▸ What you need to do: Restate the data below word for word. Leave the images out.

▸ Recorded data:
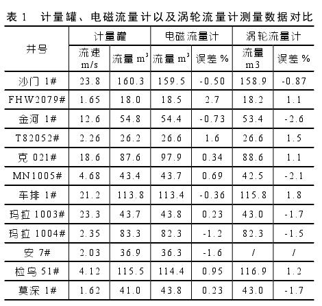 以內徑為 DN50 的電磁泥漿流量計應用固井測量過程為例,技術應用人員將高壓由壬接入泥漿管線。此過程,測量人員要將其與串接的渦輪流量計進行分析比較,以實現標準計量罐測試的準確性目標。設備應用人員將計量鉆井泥漿的密度范圍控制在 1.15~2.50 g/cm3之間,而對于固井施工現場一次性替漿量,技術人員應將其控制在 18~160 m3之間,替漿瞬時流量則應控制在 0.2~2.8 m3/min 之間。如表 1 所示,為某固井采用計量罐、電磁流量計以及渦輪流量計的數據對比。
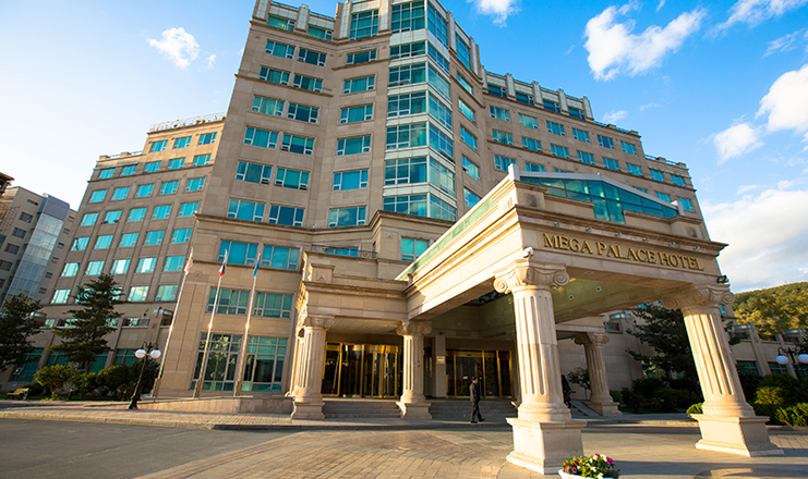 Отель «Мега Палас» - это высотное здание, находящееся в паре шагах от городского парка и горнолыжного курорта «Горный Воздух» в Южно-Сахалинске. Он открыл свои двери 6 мая 2006 года. «Мега Палас Отель» даже в самый разгар туристического сезона сохраняет спокойствие и невозмутимость. Он стал любимым местом для приезжающих звезд, политиков, бизнесменов.
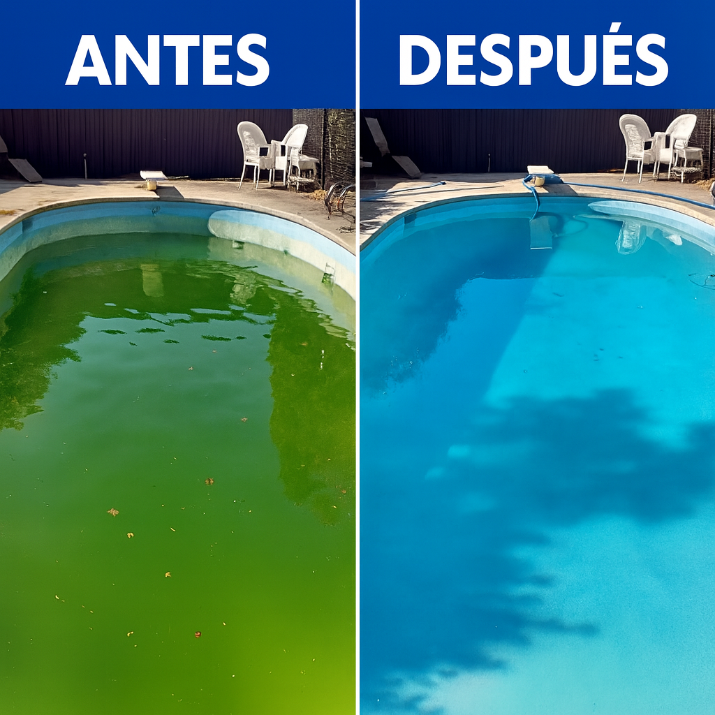 En pocas horas vas a notar cómo el agua se aclara y recupera su brillo natural. En menos de un día la pileta se ve limpia, transparente y sin olor. Es la forma más práctica y rápida de mantener tu agua impecable todo el verano.

▸ Expected output:
 以內徑為 DN50 的電磁泥漿流量計應用固井測量過程為例,技術應用人員將高壓由壬接入泥漿管線。此過程,測量人員要將其與串接的渦輪流量計進行分析比較,以實現標準計量罐測試的準確性目標。設備應用人員將計量鉆井泥漿的密度范圍控制在 1.15~2.50 g/cm3之間,而對于固井施工現場一次性替漿量,技術人員應將其控制在 18~160 m3之間,替漿瞬時流量則應控制在 0.2~2.8 m3/min 之間。如表 1 所示,為某固井采用計量罐、電磁流量計以及渦輪流量計的數據對比。
 Отель «Мега Палас» - это высотное здание, находящееся в паре шагах от городского парка и горнолыжного курорта «Горный Воздух» в Южно-Сахалинске. Он открыл свои двери 6 мая 2006 года. «Мега Палас Отель» даже в самый разгар туристического сезона сохраняет спокойствие и невозмутимость. Он стал любимым местом для приезжающих звезд, политиков, бизнесменов.
 En pocas horas vas a notar cómo el agua se aclara y recupera su brillo natural. En menos de un día la pileta se ve limpia, transparente y sin olor. Es la forma más práctica y rápida de mantener tu agua impecable todo el verano.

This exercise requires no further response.